第1クォーター早々に負傷したデマーカス・カズンズ [写真]=Getty Images

 しかしウォリアーズは自分たちのバスケットを続け、クリッパーズを第1クォーター、第2クォーターとそれぞれ25得点に抑えながら、前半終了間際に3ポイントシュートをヒット。ディフェンディングチャンピオンらしい立ちあがりと、高い攻守のクオリティを見せ、73-50と前半を終了した。

 クリッパーズは序盤こそシュートを高確率で沈めていたが、前半途中からフィールドゴールパーセンテージが一気に45パーセントまで下がり、ウォリアーズのディフェンスに苦しめられる状況。しかし23点差をつけられる形となりながらも、決して諦めなかった。

 後半、ウォリアーズの猛攻は止まらず。クリッパーズのミスを誘発すると、第3クォーター残り7分31秒にクレイ・トンプソンのアシストからケビン・デュラントがダンクを叩き込んでバスケットカウント。フリースローもしっかりと決めて、31点差までリードを広げた。

 アリーナはウォリアーズのブースターたちによって大いに盛り上がりを見せたが、徐々にクリッパーズは自分たちのバスケットを取り戻して、第3クォーター終了時点で108-94と14点差まで詰め寄った。

 運命の最終クォーター、開始からランドリー・シャメットが味方のギャレット・テンプルのカットをダミーにし、モントレズ・ハレルのピンダウン・スクリーンを利用して、鮮やかに左スロットポジションから3ポイントをスプラッシュ。幸先の良いスタートを予感させる見事なセットプレーによって目を覚ましたクリッパーズは、ウォリアーズのオフェンスを止め、次のポゼッションでハレルはファウルを引き出した。

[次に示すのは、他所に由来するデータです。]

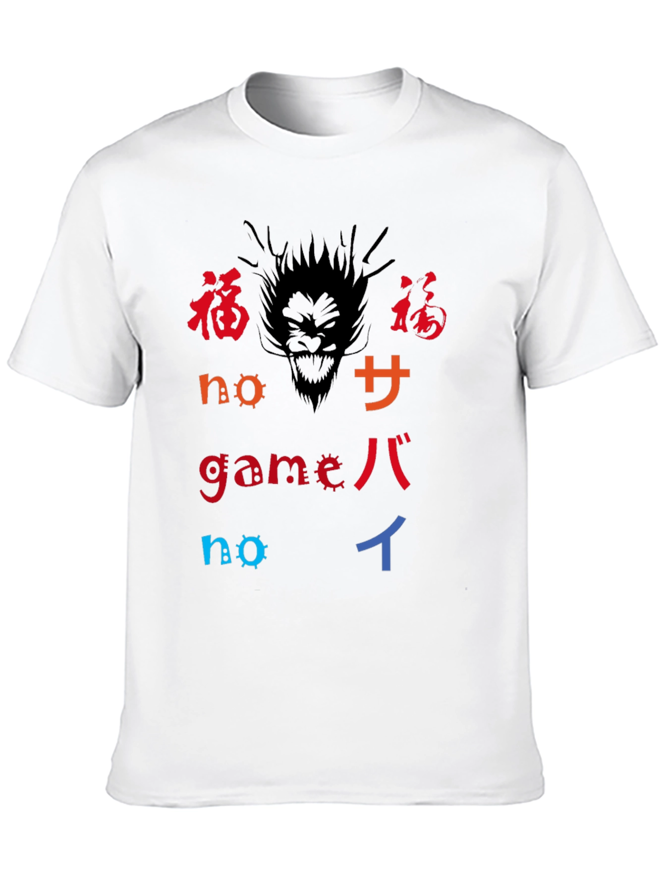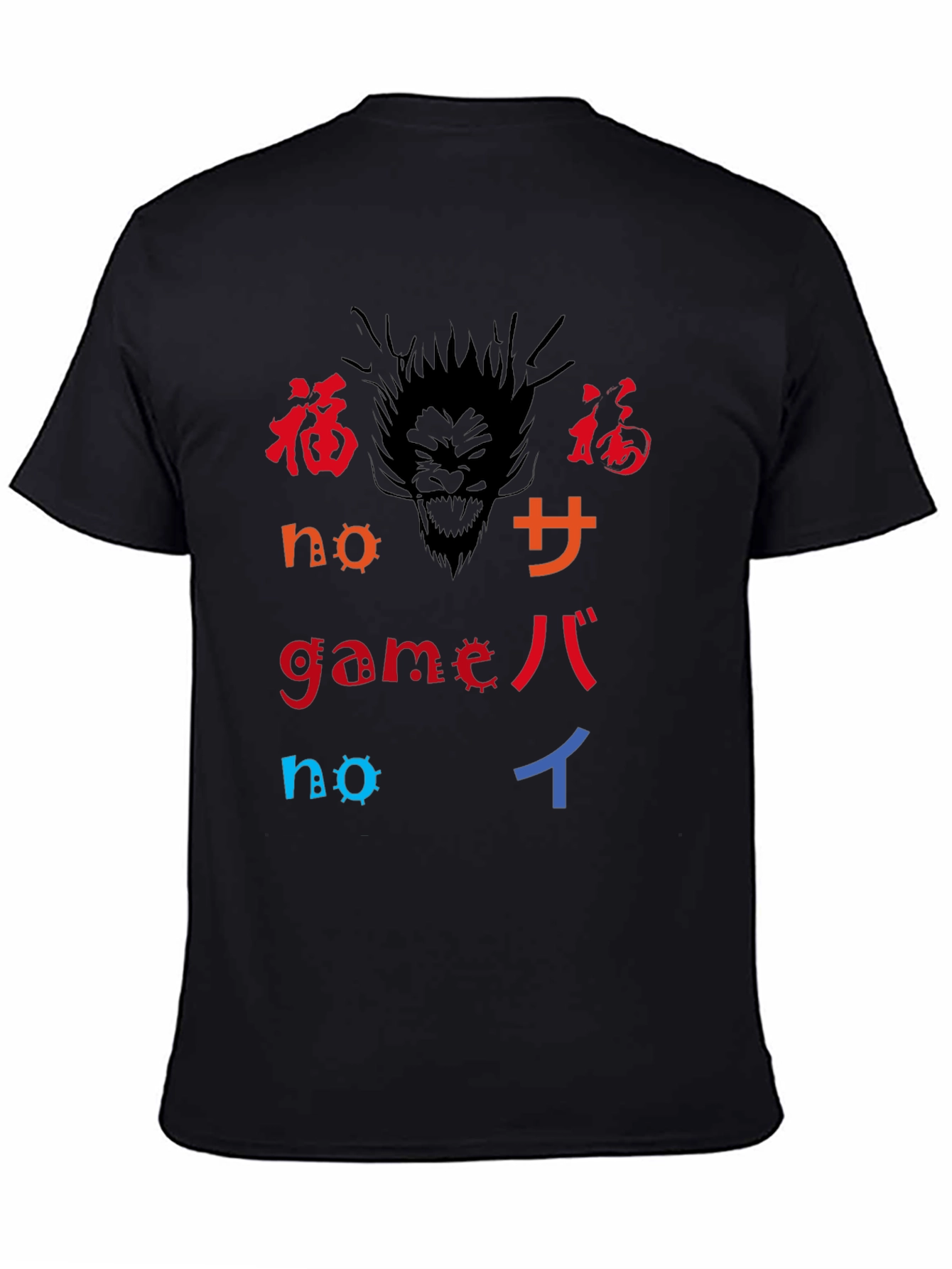 This black t-shirt features a vibrant and eye-catching graphic print. The design incorporates both Japanese characters and a stylized monster face, creating a unique and bold look. The characters are colored in red, orange, and blue, adding to the shirt's visual appeal. Made from a comfortable material, this t-shirt is perfect for casual wear. Show off your unique style with this standout piece. Ideal for fans of Japanese culture, gaming, or anyone who wants to make a statement. A great addition to any wardrobe.
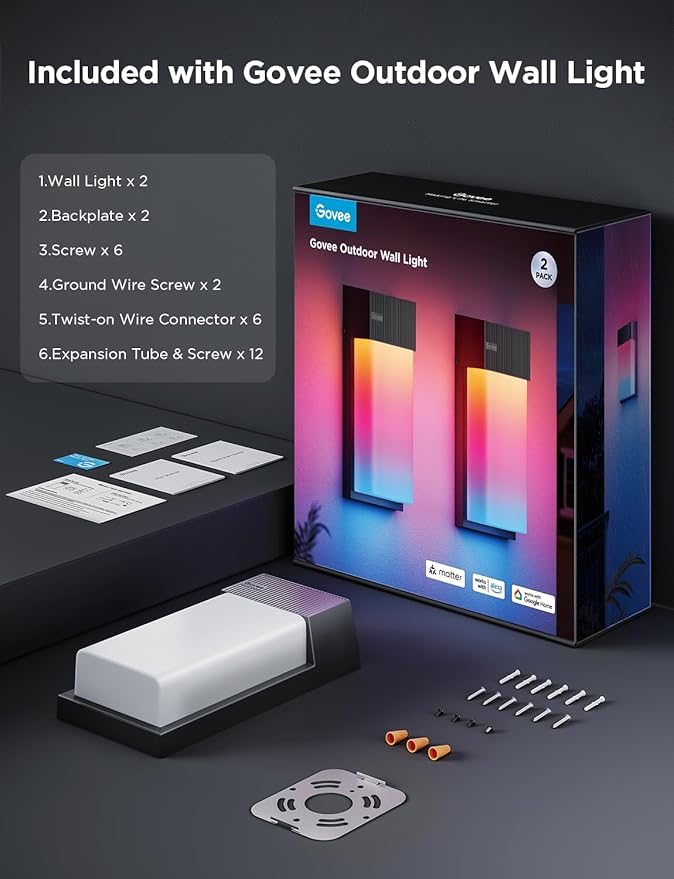 - Dream-like Lighting Effects: Govee outdoor wall lights can simultaneously display at least 3 colors horizontally. Enjoy a flexible DIY experience and 45 immersive scene modes for creative outdoor decorations.
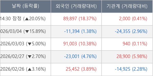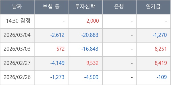 [표] 주요 기관별 순매매량 (단위 주)
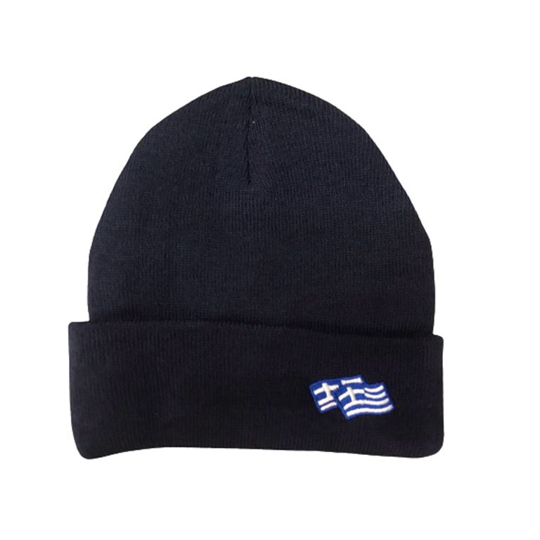 Σκούφος μπλε πλεκτός 100% ακρυλικός με ραφτό λογότυπο την Ελληνική σημαία αναδιπλούμενος,άνετος εφαρμόζει τέλεια πάνω σας και είναι πολύ ζεστός.
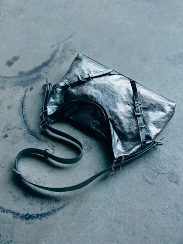 Voyou is a slang term meaning “bad boy” in French, an apt moniker for a bag that pairs complex construction with a contrasting, nonchalant biker vibe. The slouchy hobo silhouette features an adjustable strap, distinctive hardware embellishments, and an interior zippered compartment for all your essentials. Available in mini, medium, and large sizes as well as multiple luxurious fabrications such as subtle-grained leather and satin, it offers a choose-your-own-adventure of individual expression.

 さらにルー・ウィリアムズが残り5分34秒に体を流しながらも難しいシュートを沈めてバスケットカウント。120-117と射程圏内になり激しい攻防が繰り広げられる中で、同1分21秒にデュラントが痛恨のオフェンスファウルを犯し、ファウルアウトとなった。

 その直後の同1分10秒にウィリアムズが同点のプルアップジャンパーを決めたが、同56.6秒にカリーの3ポイントで131-128。クリッパーズは1点ビハインドで迎えた同15.9秒にシャメットが右ウイングから3ポイントシュートを沈め、この日最大の31点差から逆転に成功した。

 そして最後はカリーの3ポイントがリングに嫌われ、フリースローを2本を決めたクリッパーズが135-131で勝利した。

 劇的な勝利を収めたクリッパーズは、シリーズを1勝1敗とイーブンに。ガリナリが24得点、ビバリーが10得点5アシスト、逆転弾を沈めたシャメットが3ポイント4本で12得点を挙げ、さらにゴール下でタフさを感じさせたハレルが25得点10リバウンド、ウィリアムズが36得点のゲームハイに加えて11アシストをマークした。

 ウィリアムズは試合後に、以下のようにコメントした。

「前半良くない中で、しっかりとやることを続けて、自分たちのリズムを見出すことができた。若い選手たちがこのような大舞台で戦うことは大きな意味だと思うし、またこうした試合を続けたい。ウォリアーズの攻撃力は素晴らしいので、次戦では今日みたいな点差をつけられないようにしたい」

 敗れたウォリアーズは、デュラントが21得点5リバウンド5アシスト、カリーが3ポイント5本を含む29得点、ドレイモンド・グリーンが14得点9アシスト、トンプソンが17得点、ベンチから出場したケボン・ルーニーがシュートをすべて決めて19得点を挙げた。

 両チームによる第3戦は、19日(同18日)、クリッパーズのホームであるステイプルズ・センターにて行われる。